Like with most things in R, there are a lot of different packages for parallel computing. In machine learning experiments, some algorithms can take a lot of time (deep neural networks), whereas others can be very fast (featureless baseline or linear model). Also there can be different data sets, with very different sizes in terms of numbers of rows and columns. For example Table 1 of our SOAK paper shows 20 data sets, with ~1,000 to ~1,000,000 rows, and 10 to ~10,000 features (1000x differences). So it does not really make sense to schedule these different algorithms and data sets with the same time limits (as is required by SLURM job arrays). A more efficient alternative would be to use crew.cluster, which could start a certain number of SLURM jobs, then keep sending more ML experiments to compute in them, until there is no more work to do, after which the SLURM jobs terminate due to the idle time limit.

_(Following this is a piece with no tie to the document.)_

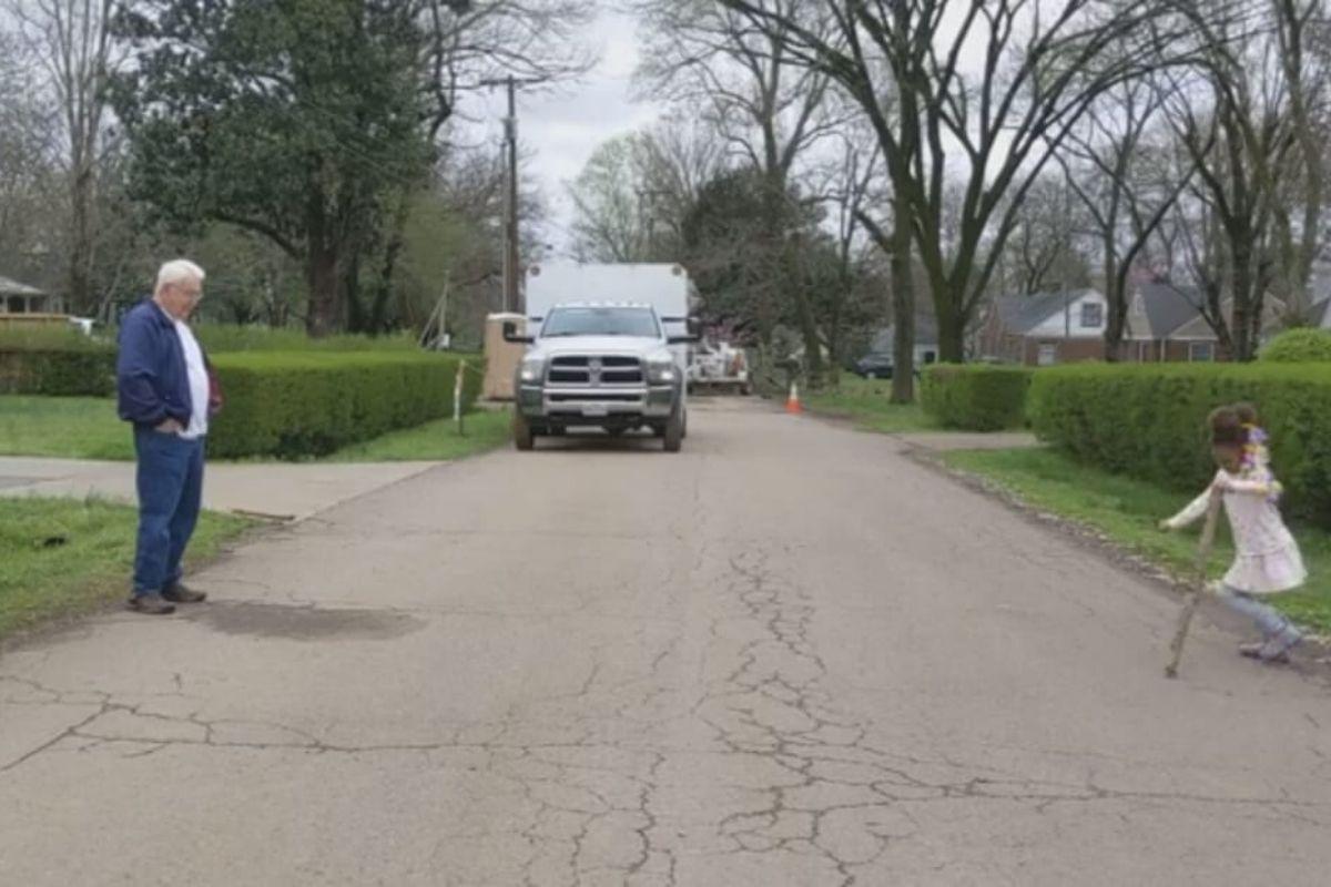 A cena foi gravada por Sherrie Neely, mãe da criança e filha do idoso. Ela e a família moram na mesma rua, uma casa da frente para a outra e eles continuam se vendo, mesmo que de longe, durante o surto do novo coronavírus. O avô, de 80 anos, saiu de casa para cumprimentar a neta Kira, de 5 anos, e os dois aproveitaram o momento para dançar ao som da música ABC, do Jackson 5.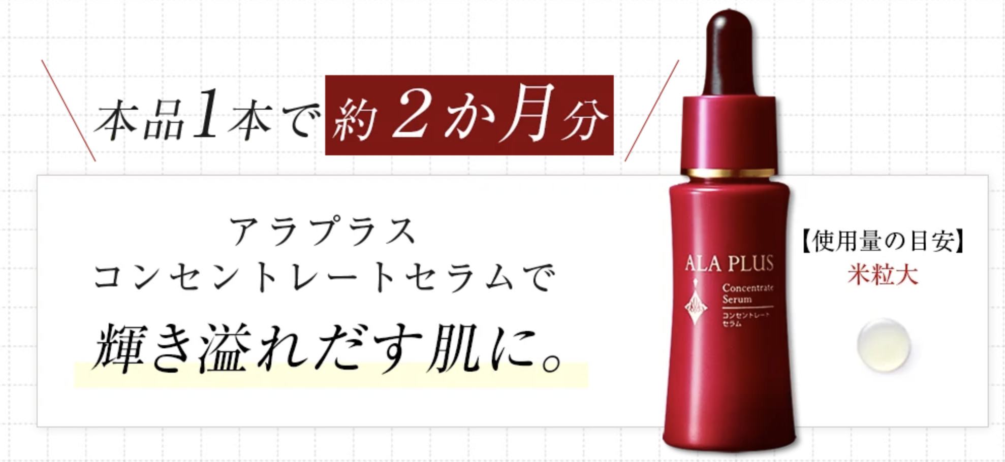 そんな中で注目されているのが「アラプラス コンセントレートセラム」です。年齢肌にアプローチするために開発された美容液で、ハリやうるおいを意識したケアを取り入れたい方に選ばれています。

This idea would also be useful in any other context with heterogenous run-times between jobs. Another example is data.table nightly revdep checker, which is currently implemented using SLURM shell scripts with job dependencies (setup job, check each package in parallel, analyze results). The dependencies between jobs could be modeled with targets, which could be used with crew.cluster to compute on SLURM. One added bit of complexity is that there are some packages which require less memory than others, and the Heterogeneous workers page explains that this can apparently be handed using crew controller groups: targets::tar_target(resources=targets::tar_resources(crew=targets::tar_resources_crew(controller="large_mem"))). We would have to start two different crew.cluster::crew_controller_slurm() (large_mem and small_mem). To investigate: how many workers would we need? The two slowest packages, which always take more than 9 hours, are haldensify (7 hours per R CMD check) and ctmm (4 hours per R CMD check). There are at least two checks required (master and CRAN versions of data.table), perhaps more if differences are found and git bisect is invoked. Currently checks are run using both R-devel and R-release in the same SLURM job, and that could perhaps be separated into two targets. Using the most recent check times, I get the following estimated number of workers, if we say that we want a result in 16 hours.

> jobs_dt <- data.table::fread("https://rcdata.nau.edu/genomic-ml/data.table-revdeps/analyze/2025-05-15/full_list_of_jobs.csv")
> ipat=list("[0-9]+", as.integer);nc::capture_first_df(jobs_dt, check.time=list(hours_only=ipat,":",minutes_only=ipat,":",seconds_only=ipat))
> jobs_dt[, hours := hours_only+minutes_only/60+seconds_only/60/60]
> large_dt <- data.table::fread("~/projects/data.table-revdeps/large_memory.csv")
> jobs_dt[,gigabytes := ifelse(Package %in% large_dt$Package, 16, 4)]
> jobs_dt[, .(hours=sum(hours)), by=gigabytes][, workers := ceiling(hours/16)][]
   gigabytes    hours workers
       <num>    <num>   <num>
1:         4 442.2181      28
2:        16  22.8375       2

We would have to start the long jobs right away, if we want them to finish before the 16 hour time limit, because the largest job would take about 14 hours (assuming no git bisect).

Overall it seems like rush/clustermq/crew.cluster would be worth investigating for ML benchmark experiments, and targets for the data.table revdep checker. In comparison to crew, rush seems to be more flexible (only centralized database, no need for central controller that sends jobs to workers). In detail, rush workers can each decide what they want to work on, then register that key with the central database, so the other workers can avoid working on the same problem. This architecture is a better fit for some problems such as hyper-parameter search. However crew seems easier to setup (no need for redis database), and sufficient for simpler problems like ML benchmark experiments (where all of the combinations can be enumerated in advance).